What is needed >>
When you reach the line below that has "3.2. ADSCs+RADA16-RGD Increased", start returning lines exactly, and stop after the line that has "まずはホワイトペーパーによる"; skip the pictures.

Records >>
* * * * * * *
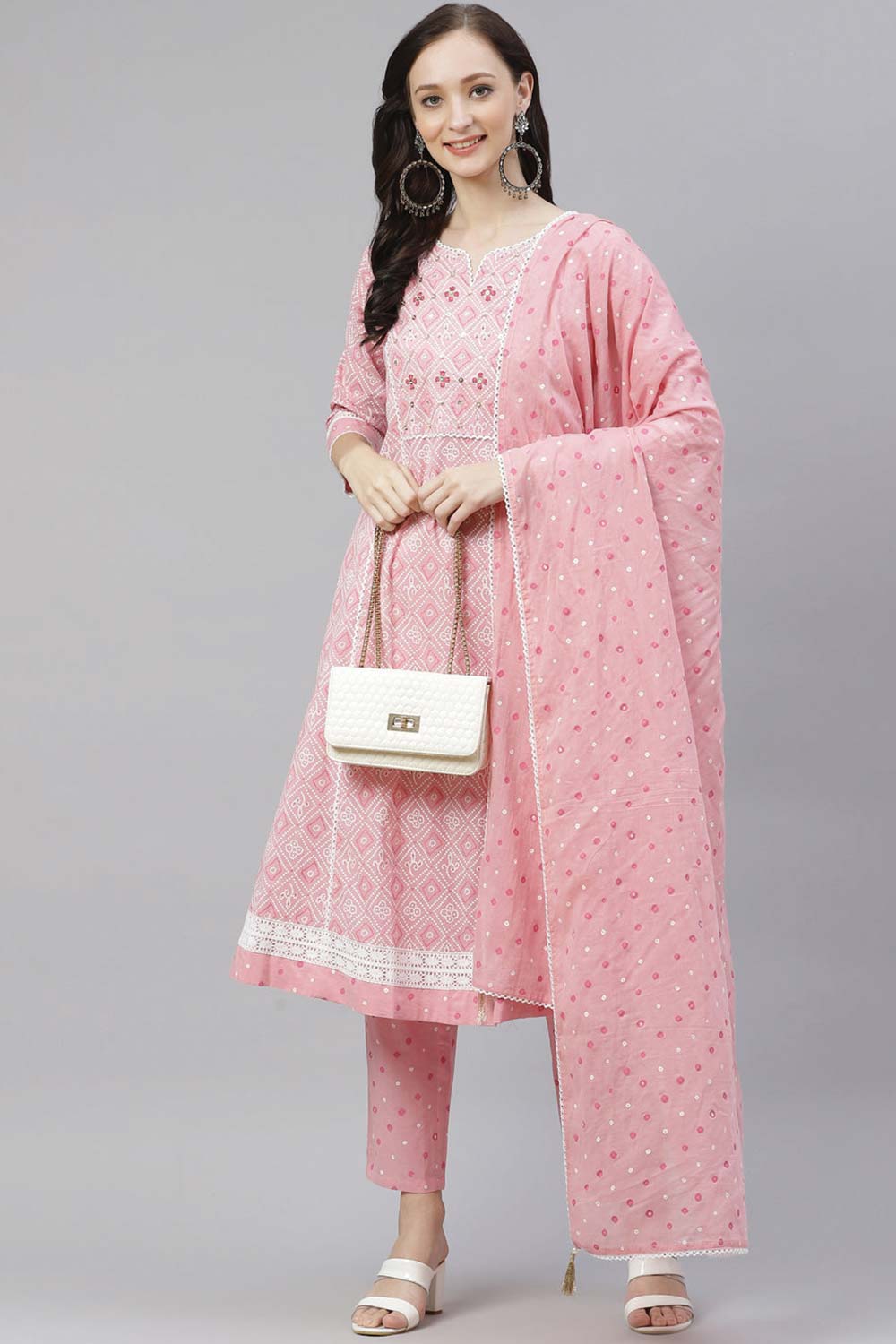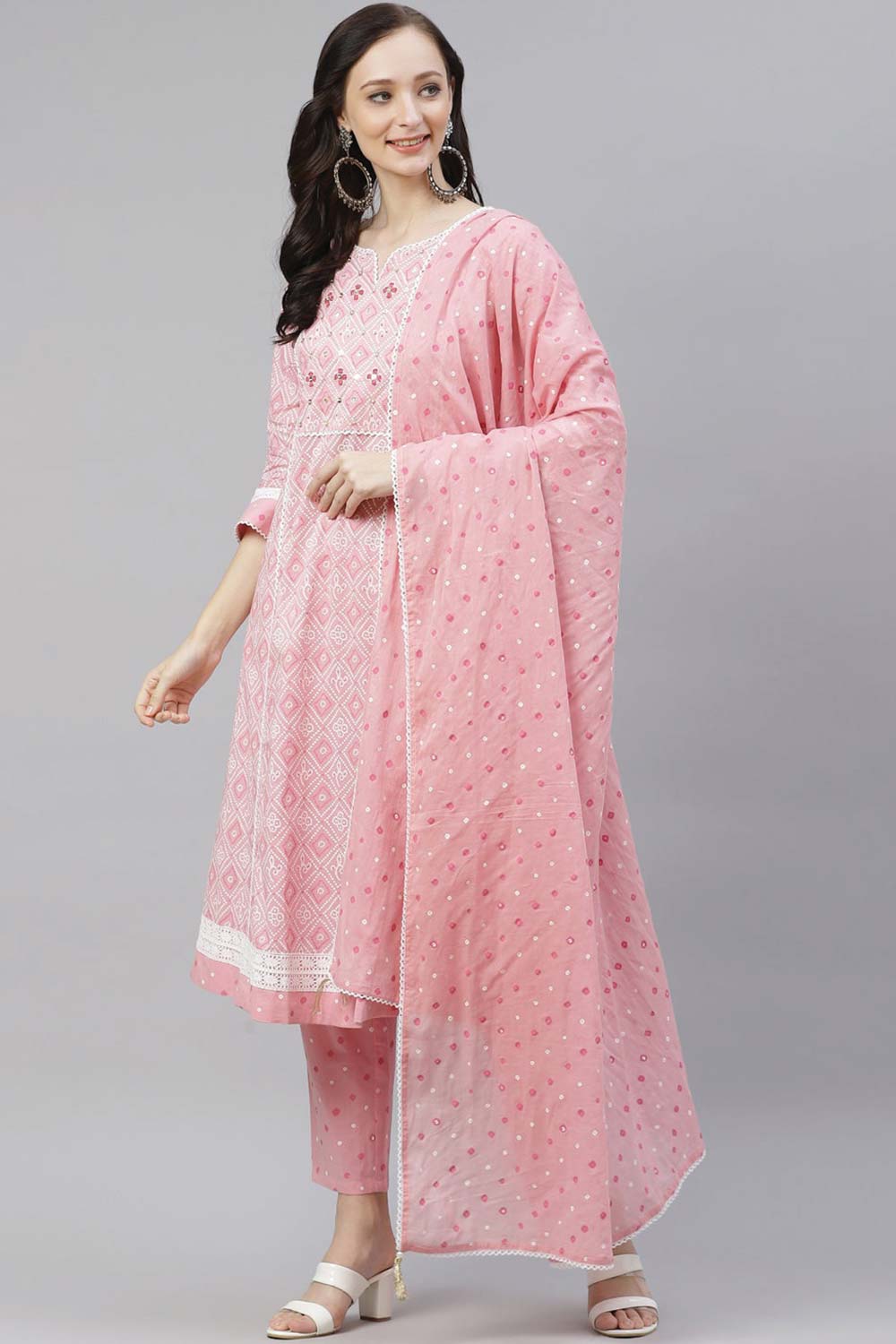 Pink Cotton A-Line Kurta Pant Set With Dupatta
* * * * * * *
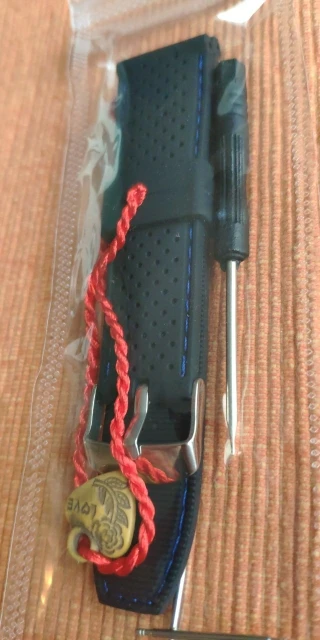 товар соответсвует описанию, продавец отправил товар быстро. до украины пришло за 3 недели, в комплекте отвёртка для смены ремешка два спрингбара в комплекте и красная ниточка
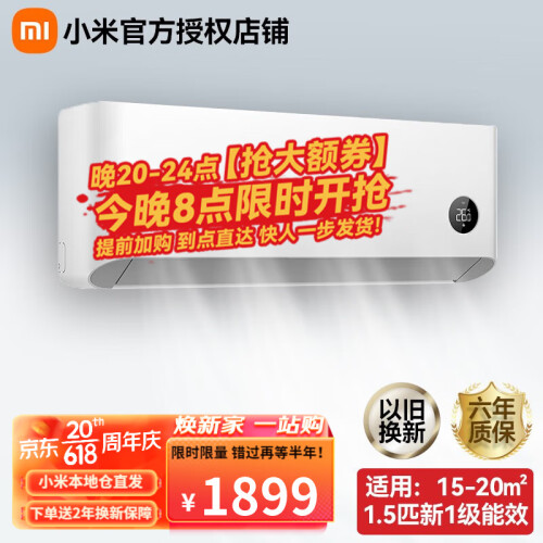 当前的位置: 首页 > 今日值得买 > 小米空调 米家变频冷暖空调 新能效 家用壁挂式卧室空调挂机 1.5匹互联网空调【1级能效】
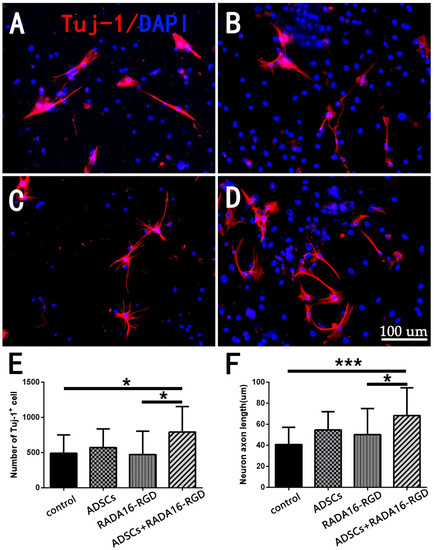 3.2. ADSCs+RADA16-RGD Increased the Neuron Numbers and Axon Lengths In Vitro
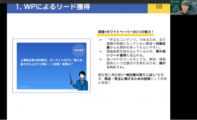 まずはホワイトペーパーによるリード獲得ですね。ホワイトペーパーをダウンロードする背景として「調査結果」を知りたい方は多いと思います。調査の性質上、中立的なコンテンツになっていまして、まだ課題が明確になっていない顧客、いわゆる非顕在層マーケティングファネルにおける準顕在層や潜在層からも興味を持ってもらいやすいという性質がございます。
* * * * * * *
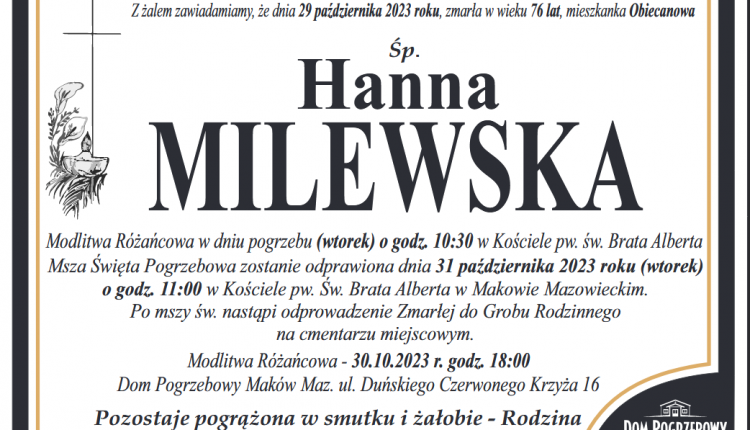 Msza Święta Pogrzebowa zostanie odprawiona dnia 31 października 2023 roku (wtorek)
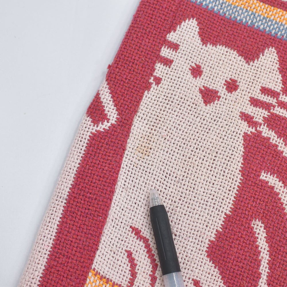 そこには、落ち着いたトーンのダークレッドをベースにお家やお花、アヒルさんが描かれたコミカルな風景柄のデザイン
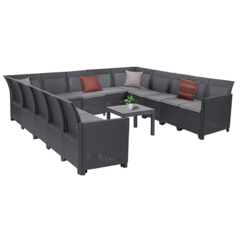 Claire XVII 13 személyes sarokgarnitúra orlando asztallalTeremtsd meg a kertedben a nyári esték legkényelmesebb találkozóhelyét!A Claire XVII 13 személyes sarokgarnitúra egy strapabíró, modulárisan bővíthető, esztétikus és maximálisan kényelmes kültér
* * * * * * *
Result of the exercise >>
 3.2. ADSCs+RADA16-RGD Increased the Neuron Numbers and Axon Lengths In Vitro
 まずはホワイトペーパーによるリード獲得ですね。ホワイトペーパーをダウンロードする背景として「調査結果」を知りたい方は多いと思います。調査の性質上、中立的なコンテンツになっていまして、まだ課題が明確になっていない顧客、いわゆる非顕在層マーケティングファネルにおける準顕在層や潜在層からも興味を持ってもらいやすいという性質がございます。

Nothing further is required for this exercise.